¹ Division of Genetics and Developmental Medicine, Department of Pediatrics, University of Washington, Seattle
² Department of Neurology, University of Washington, Seattle
³ Neurogenetics Branch, National Institute of Neurological Disorders and Stroke, Bethesda
⁴ Molecular Genetics Department, Flanders Interuniversity Institute for Biotechnology, University of Antwerp, Antwerp
⁵ Department of Neurology, University Hospital of Antwerp, Antwerp
⁶ Neurobiology Laboratory, ANZAC Research Institute, University of Sydney, Sydney
⁷ Concord Hospital, Sydney
⁸ Department of Neurology, Johns Hopkins University School of Medicine, Baltimore
⁹ Institute of Medical Biology and Human Genetics, Karl Franzens University, Graz, Austria

Address for correspondence and reprints: Dr. Phillip F. Chance, Department of Pediatrics, Box 356320, Room RR247, University of Washington, Seattle, WA 98195.

Abstract

Juvenile amyotrophic lateral sclerosis (ALS4) is a rare autosomal dominant form of juvenile amyotrophic lateral sclerosis (ALS) characterized by distal muscle weakness and atrophy, normal sensation, and pyramidal signs.
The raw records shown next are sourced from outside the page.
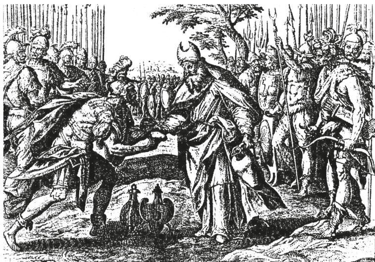
Рис. 9. Мартин де Вос. Встреча Авраама и Мельхиседека. 1579. Гравюра. Антверпен. Городской кабинет эстампов

привести хранящийся в Эрмитаже эскиз на тот же сюжет, приписываемый мастерской Рубенса и являющийся подготовительным наброском для одной из шпалер серии «Триумф евхаристии» (1620-е, Государственный Эрмитаж, Санкт-Петербург) [17, с. 31]. Правда, согласно теории М. Розеса, высказанной еще в конце XIX в., Рубенс при создании композиции с Авраамом и Мельхиседеком ориентировался на собственную картину «Встреча святого Амвросия с императором Феодосием» (1615–1616, Вена, Музей истории искусств) [18, р. 214]. Однако в последнем случае представленное событие носило диаметрально противоположный характер: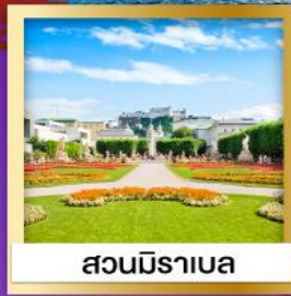
สวนมิราเบล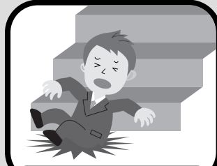
階段から落ちてケガ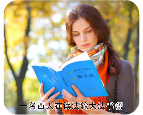
一名西人在读法轮大法书籍

一次吃过午饭，我在屋里给姐姐读法，道边聚集的一群大姑娘、小媳妇，也都跟着听，都说：这法咋这么好呢，都是教人向善的。有两个来村里给鸡打预防针的人，到我家时，进屋看见柜上放的大法书，拿过来就看上了，看了很久才想起来给鸡打针的事。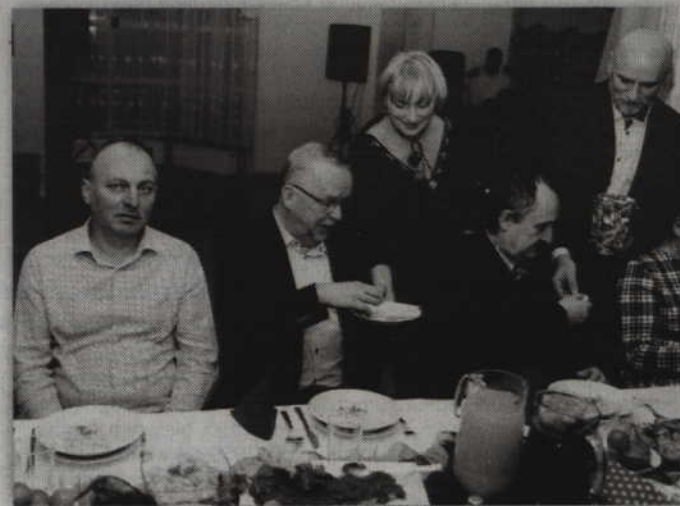
Uczestnikom spotkania rozdano opłatek oraz pamiątkowe otwieracze.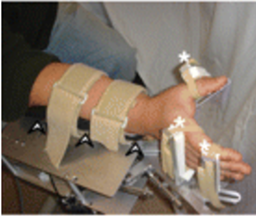
Příloha 5 HWARD robotické zařízení (Takahashi et al., 2008)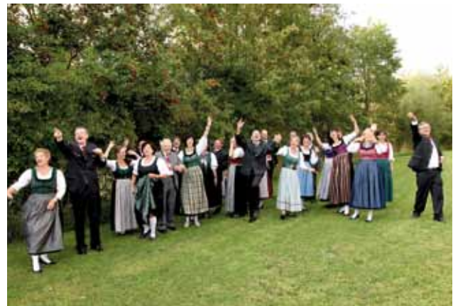
„krieglach vocal“ als lustige Leute‘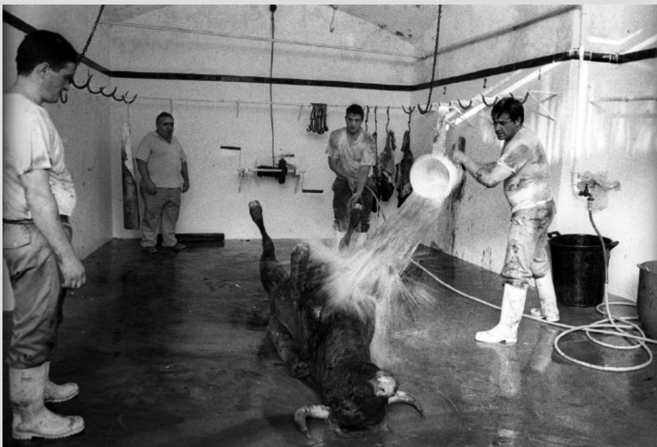
>> Un operari llançant un cubell d'aigua sobre el toro mort.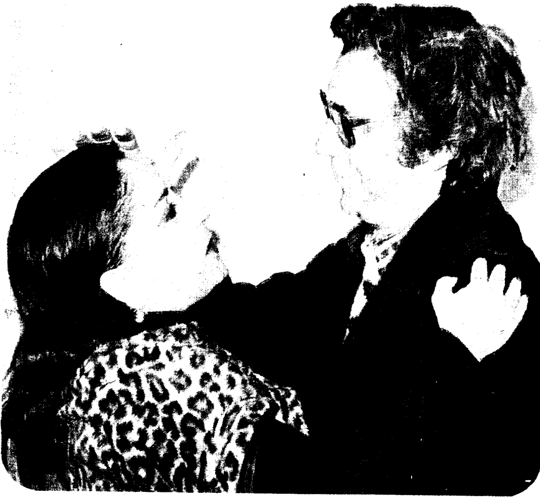
Fue muy efusivo el encuentro de Oswaldo con la primera actriz Ofelia Guilmain, que encabeza el reparto de "Heroica"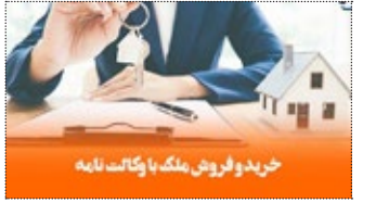
خرید و فروش ملک با وکالت نامه

گاهی به دلایلی مانند زمان بر بودن نقل و انتقال ملکه، هزینه بر بودن نقل و انتقال، در دسترس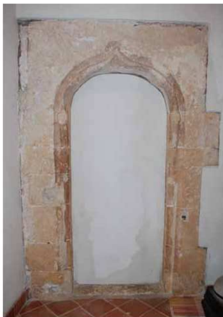
Portal conopial en un habitatge del carrer Príncep.

Un exemple n'és la casa que acull el portal conopial que analitzam en aquest punt. La casa, venuda fa uns anys per tomar-la i fer-hi una nova construcció, fou adquirida per una família que amb molt bon criteri decidí restaurar-la i que es trobà amb l'agradable sorpresa del portal conopial en una de les petites estances. Aquest portal posa de manifest que la casa original havia d'ésser molt més gran del que és avui dia, ja que es trobava paredat en un dels murs amigters amb la casa veïna.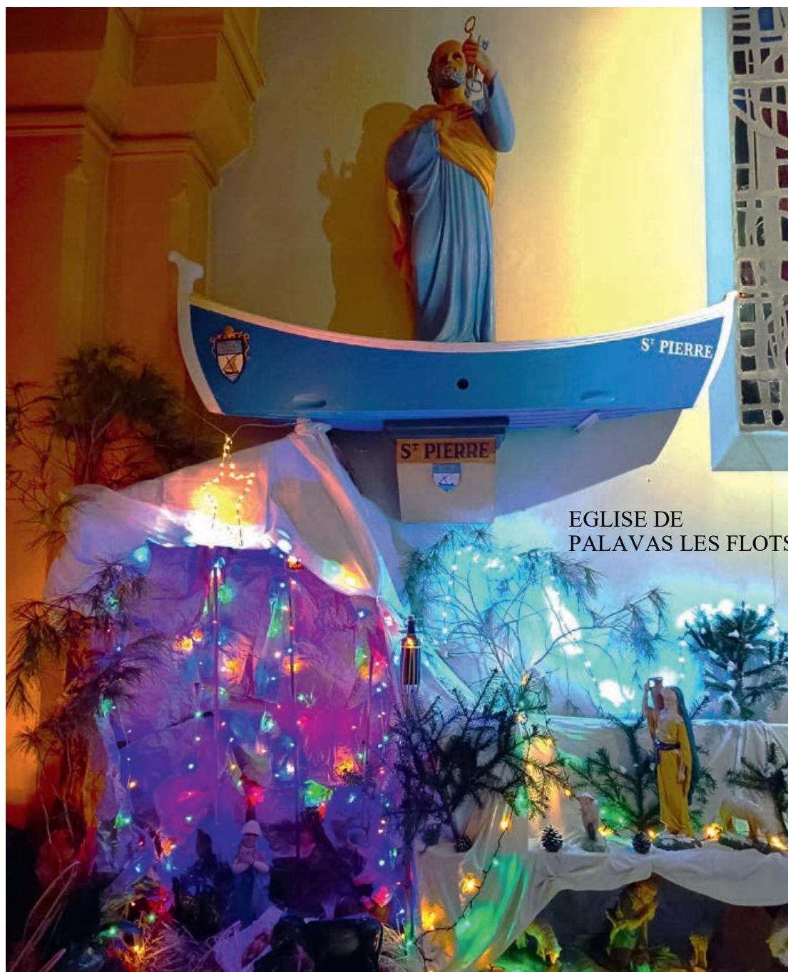
EGLISE DE PALAVAS LES FLOTS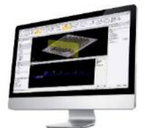
Trimble Business Center Trimble RealWorks TOWISE (オフィスソフトウェア)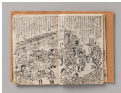
大晦日曙草紙 稿本 1839年以前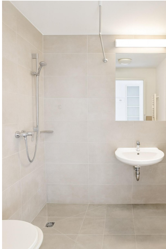
Modernes Badezimmer mit Dusche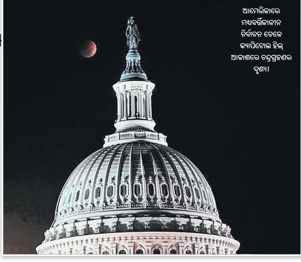
ଆମେରିକାରେ ମଧ୍ୟବର୍ତ୍ତୀକାଳୀନ ନିର୍ବାଚନ ବେଳେ କ୍ୟାପିଟୋଲ୍ ହିଲ୍ ଆକାଶରେ ଚନ୍ଦ୍ରଗ୍ରହଣର ଦୃଶ୍ୟ।

ନୂଆଦିଲ୍ଲୀ, ୮।୧୧: ଭାରତୀୟ ଦରିଶ୍ଚ ନେତା ଲାଲ୍‌କୁଶ୍ଠ ଆଡ଼ଭାନାଙ୍କ ୯୫ତମ ଜନ୍ମଦିନରେ ପ୍ରଧାନମନ୍ତ୍ରୀ ନରେନ୍ଦ୍ର ମୋଦି ତାଙ୍କୁ ବାସଭବନରେ ଭେଟି ଅଭିନନ୍ଦନ ଜଣାଇଛନ୍ତି। ଭାରତର ଅଭିଭବନେ ଆଡ଼ଭାନାଙ୍କ ଅବଦାନ ଏକ ସ୍ମାରକ। ତାଙ୍କର ଦୁର୍ଘଟଣା ଏବଂ ଚୁକ୍ତିମତ ପାଇଁ ସାରା ଦେଶ ତାଙ୍କୁ ସମ୍ମାନ ଦେଇଥାଏ। ଭାରତୀୟ ଗଢ଼ିବା ଓ ସୁଦୃଢ଼ କରିବାରେ ଆଡ଼ଭାନାଙ୍କ ଅବଦାନ ଅତୁଳନୀୟ ବୋଲି ପ୍ରଧାନମନ୍ତ୍ରୀ ଚୁକ୍ତି କରିଛନ୍ତି।

Individuals affected with ALS4 usually have an onset of symptoms at age <25 years, a slow rate of progression, and a normal life span. The ALS4 locus maps to a 1.7-Mb interval on chromosome 9q34 flanked by D9S64 and D9S1198. To identify the molecular basis of ALS4, we tested 19 genes within the ALS4 interval and detected missense mutations (T3I, L389S, and R2136H) in the Senataxin gene (SETX). The SETX gene encodes a novel 302.8-kD protein. Although its function remains unknown, SETX contains a DNA/RNA helicase domain with strong homology to human RENT1 and IGHMBP2, two genes encoding proteins known to have roles in RNA processing. These observations of ALS4 suggest that mutations in SETX may cause neuronal degeneration through dysfunction of the helicase activity or other steps in RNA processing.